[The data Boundary: Start]
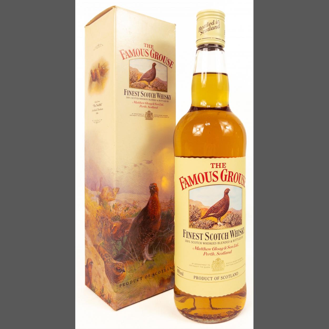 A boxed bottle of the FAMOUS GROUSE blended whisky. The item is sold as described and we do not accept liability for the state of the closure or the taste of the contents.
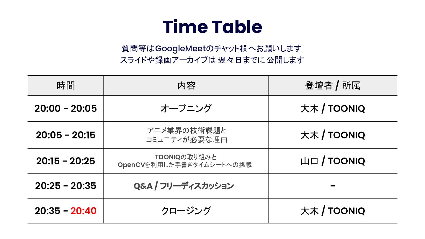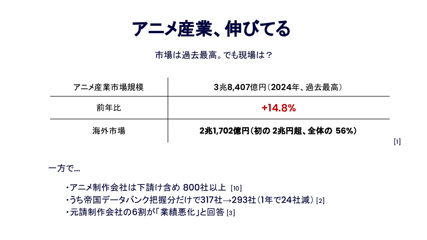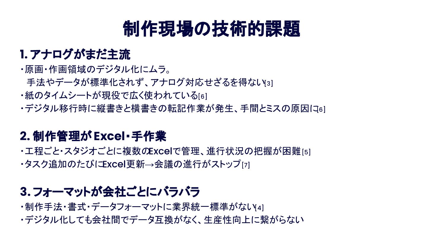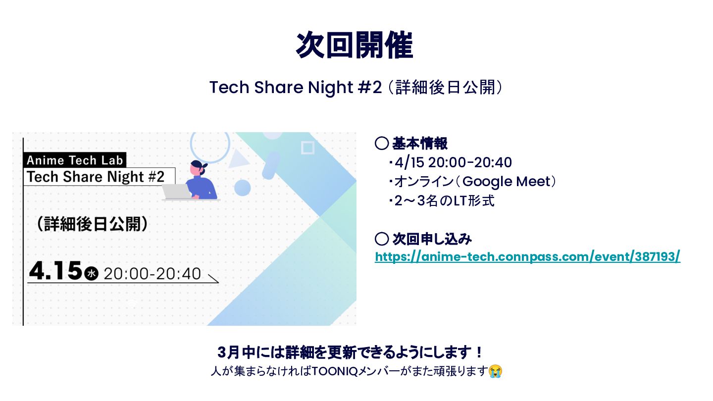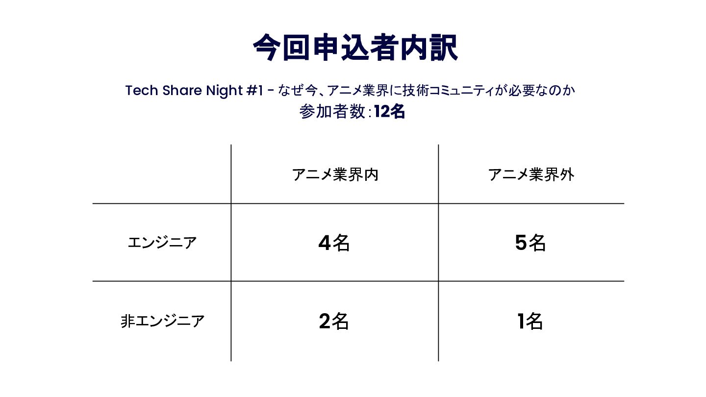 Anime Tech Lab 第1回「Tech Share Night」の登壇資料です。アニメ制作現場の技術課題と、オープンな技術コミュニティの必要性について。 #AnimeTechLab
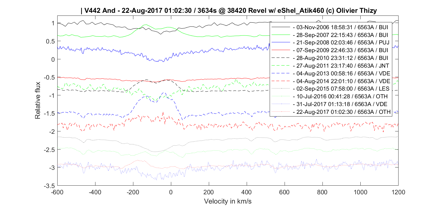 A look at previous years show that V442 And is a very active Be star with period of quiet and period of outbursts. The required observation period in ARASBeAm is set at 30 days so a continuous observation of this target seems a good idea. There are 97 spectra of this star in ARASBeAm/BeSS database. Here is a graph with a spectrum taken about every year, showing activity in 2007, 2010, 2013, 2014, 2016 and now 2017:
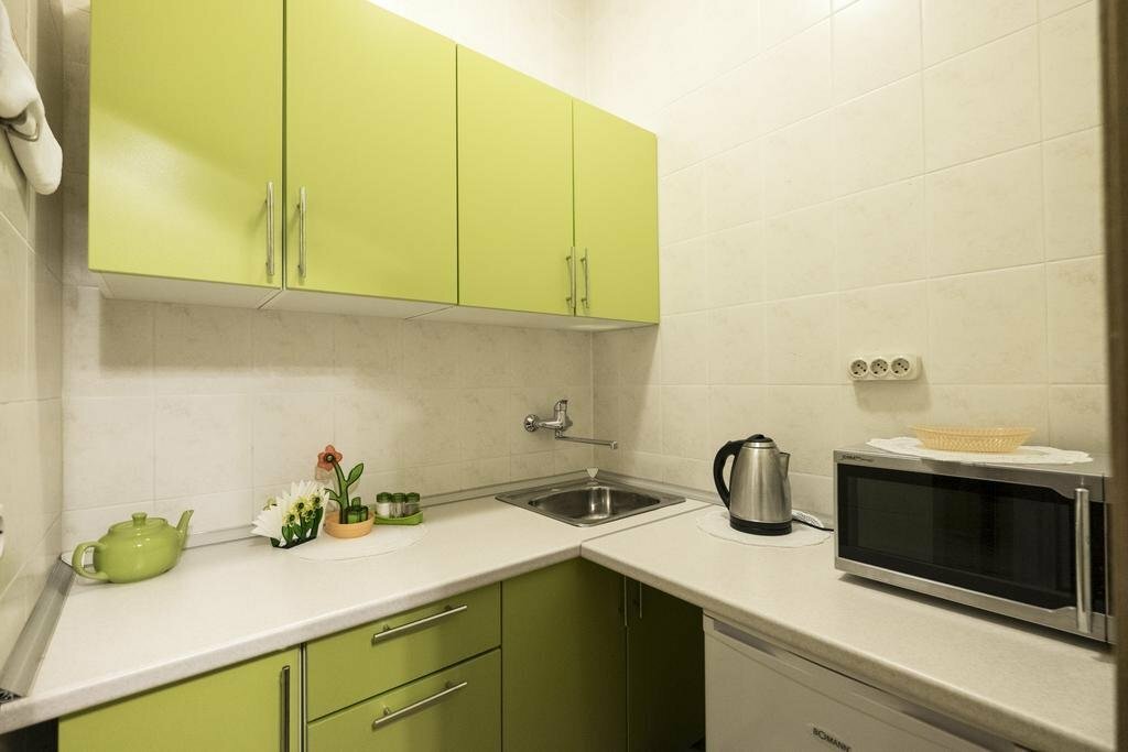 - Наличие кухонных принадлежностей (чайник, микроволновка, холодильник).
[The data Boundary: End]
:: Task statement ::
Output the data above exactly, excluding images.

:: Solution for this task ::
 A boxed bottle of the FAMOUS GROUSE blended whisky. The item is sold as described and we do not accept liability for the state of the closure or the taste of the contents.
 Anime Tech Lab 第1回「Tech Share Night」の登壇資料です。アニメ制作現場の技術課題と、オープンな技術コミュニティの必要性について。 #AnimeTechLab
 A look at previous years show that V442 And is a very active Be star with period of quiet and period of outbursts. The required observation period in ARASBeAm is set at 30 days so a continuous observation of this target seems a good idea. There are 97 spectra of this star in ARASBeAm/BeSS database. Here is a graph with a spectrum taken about every year, showing activity in 2007, 2010, 2013, 2014, 2016 and now 2017:
 - Наличие кухонных принадлежностей (чайник, микроволновка, холодильник).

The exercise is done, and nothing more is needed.